Helped by a staff of three at the estate they bought from Lana Turner in Holmby Hills, Mary Jane is proud that "I've always done charity work, and yet have always managed to be home with the children." She doesn't regret not having a career. "I'm no women's libber," she says.

The Wicks will keep an apartment at Watergate. "It's fun to have a place to visit here," says Mary Jane. How frequently will they see the First Family? "My friendship with Ronnie has never been as close as Mary Jane's with Mrs.

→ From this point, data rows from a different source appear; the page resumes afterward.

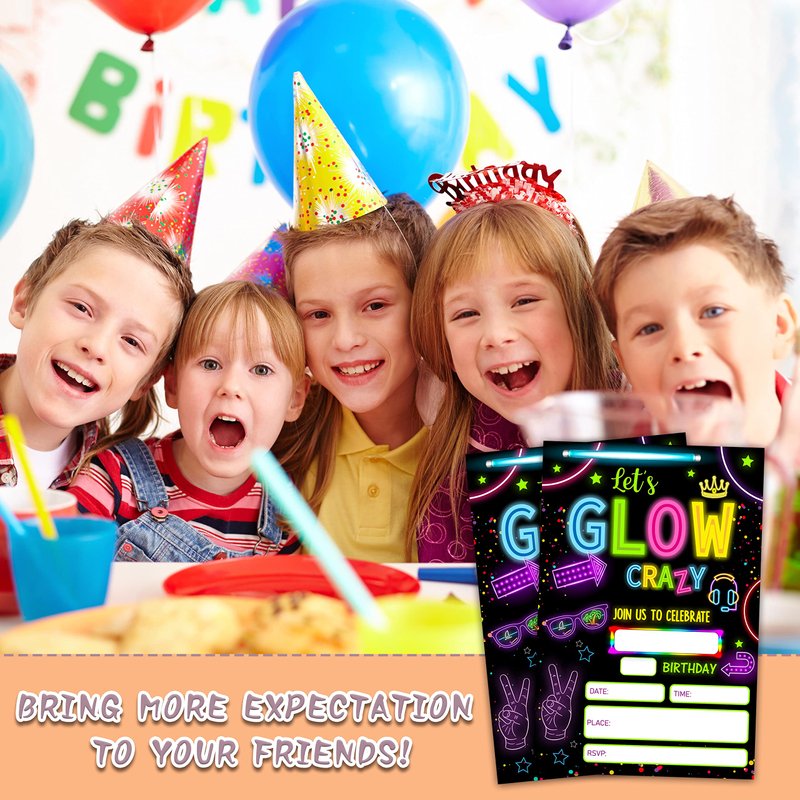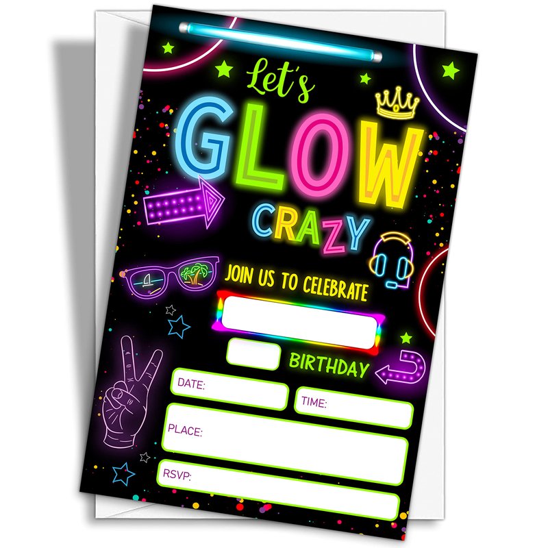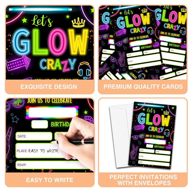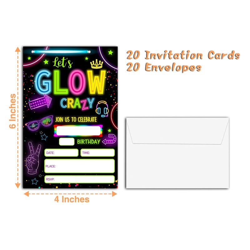 YQV Neon Glow Invitation Birthday Party Invitations, 20-Count Let's Glow Crazy Theme Birthday Party Invites With Envelopes-HBYQK-B02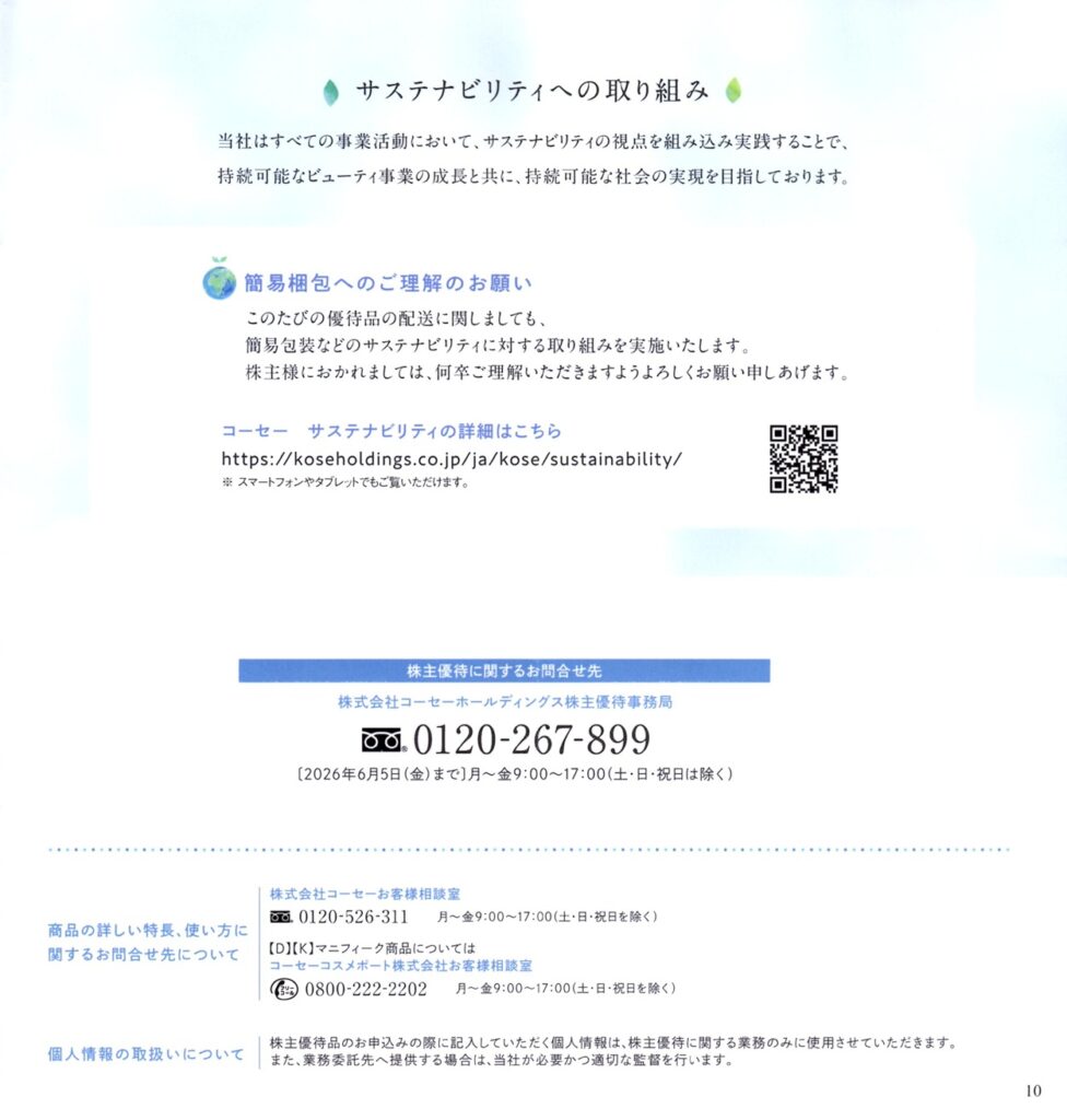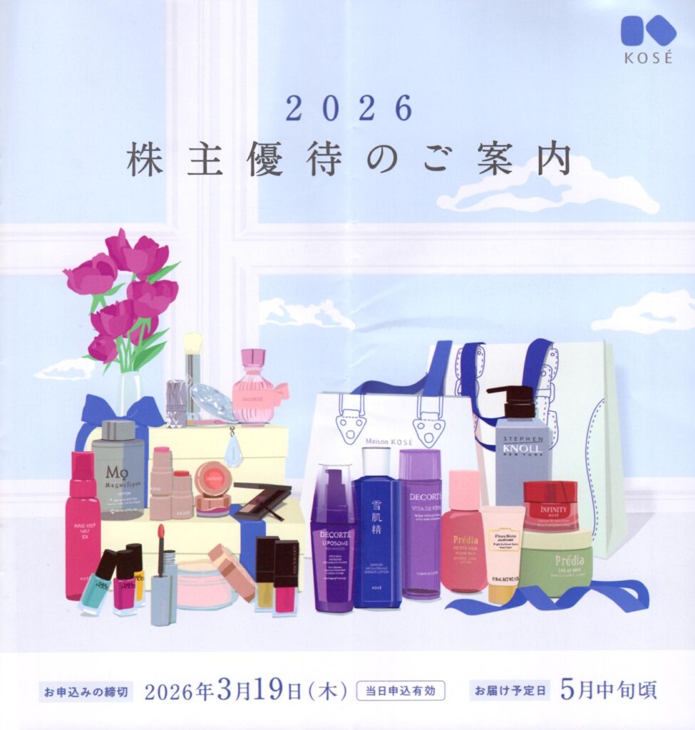 今回は、雪肌精やコスメデコルテでおなじみのコーセーホールディングス(4922)から届いた優待案内を紹介します。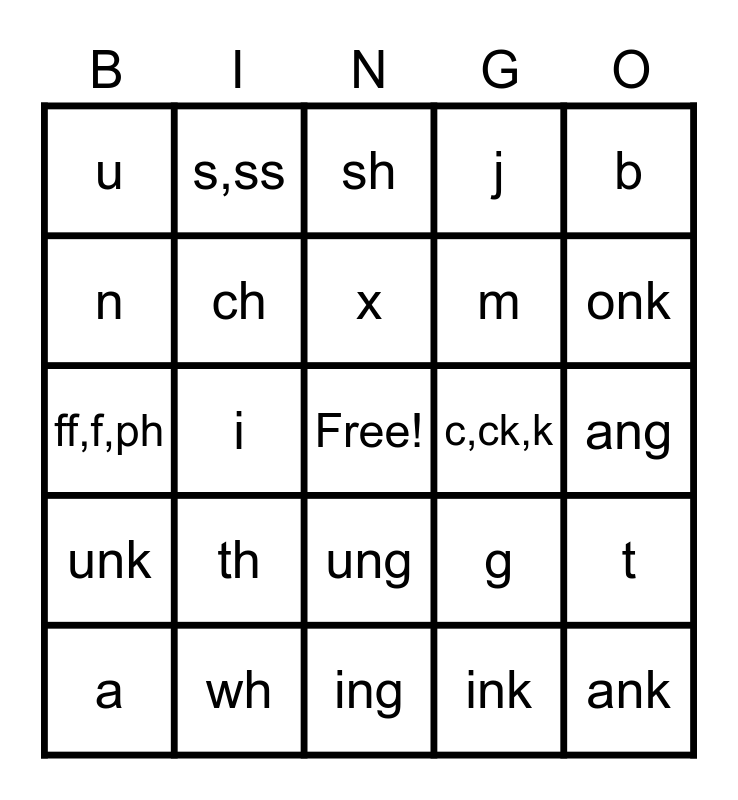 This bingo card has a free space and 29 words: a, e, i, o, u, sh, ch, th, c,ck,k, wh, ang, ank, ing, ink, onk, ong, ung, unk, b, ff,f,ph, g, h, m, n, j, s,ss, t, x and s,z.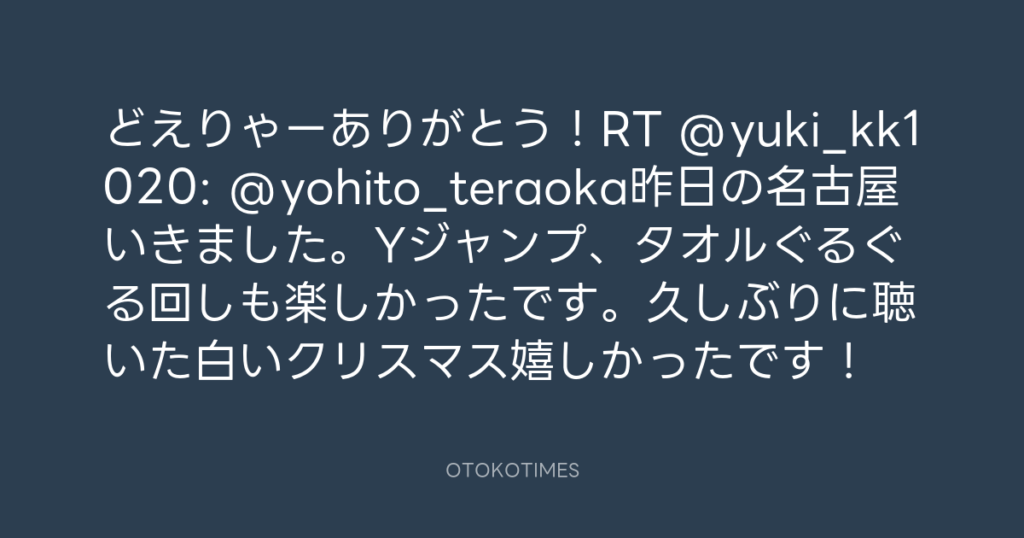 どえりゃーありがとう!RT @yuki_kk1020: @yohito_teraoka昨日の名古屋いきました... -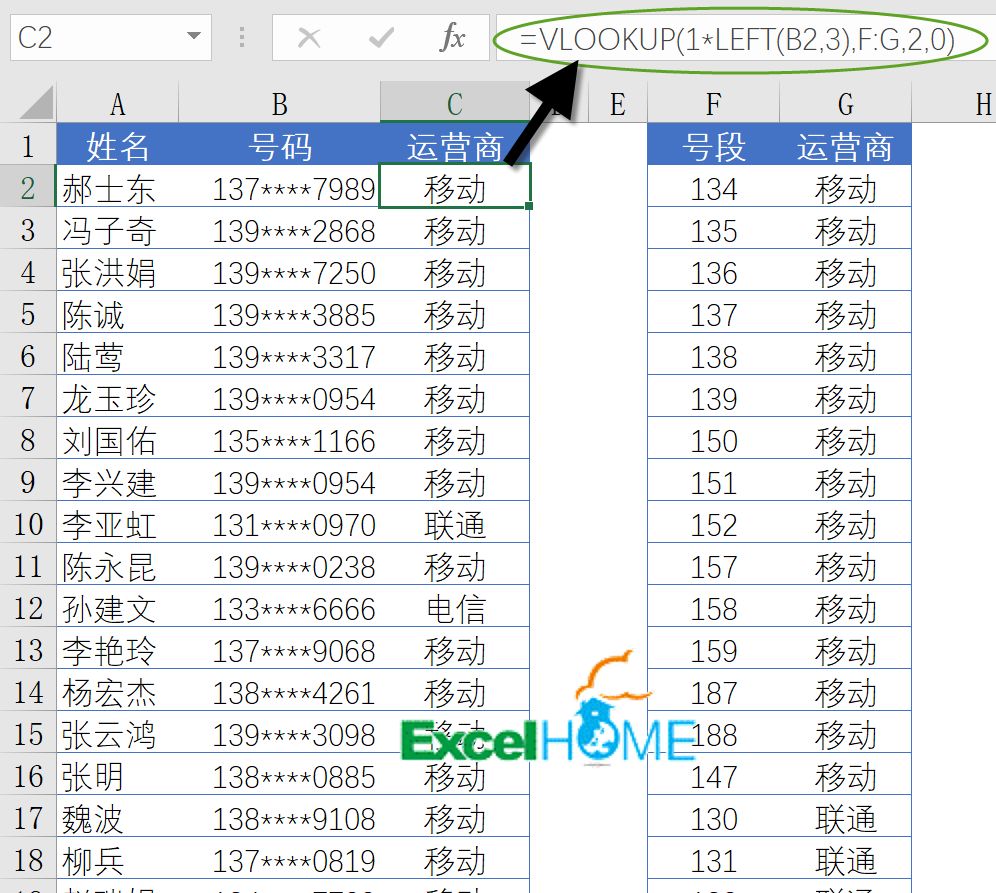 咱们可以使用VLOOKUP函数,以LEFT函数提取出的手机号码前三位作为查询值,在对照表中进行查询就可以了,一起来试试: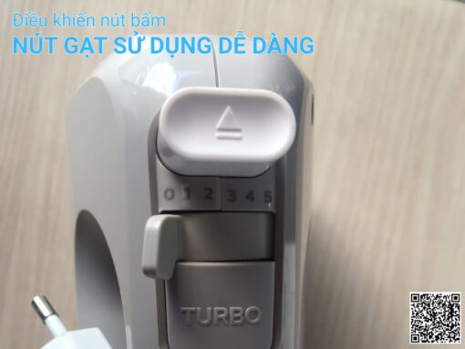 Máy đánh trứng Philips HR3705/20 trang bị hệ thống điều khiển trên tay cầm, bao gồm 1 nút gạt để bật/tắt máy và điều chỉnh tăng giảm các mức tốc độ. Và 1 nút bấm để chọn tốc độ tăng cường.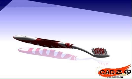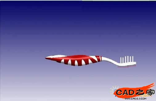4.在牙刷主體建好以后,添加其他紅色的橡膠部分,效果如圖(實施渲染模式下)所示,整個牙刷的建模就基本告成。如圖41三維模型

Reagan," says Charles. "He has very few intimate friends." Still, Washington rumors suggest that Charles is a logical contender to become either head of the International Communication Agency (as the USIA is now called) or a job this week prepared him for ideally—chief of protocol. The ICA job is more likely, but protocol would have one distinct appeal: the Wicks would work again as a couple. "My wife," he says, "is one of the best executives and the nicest woman I've ever known."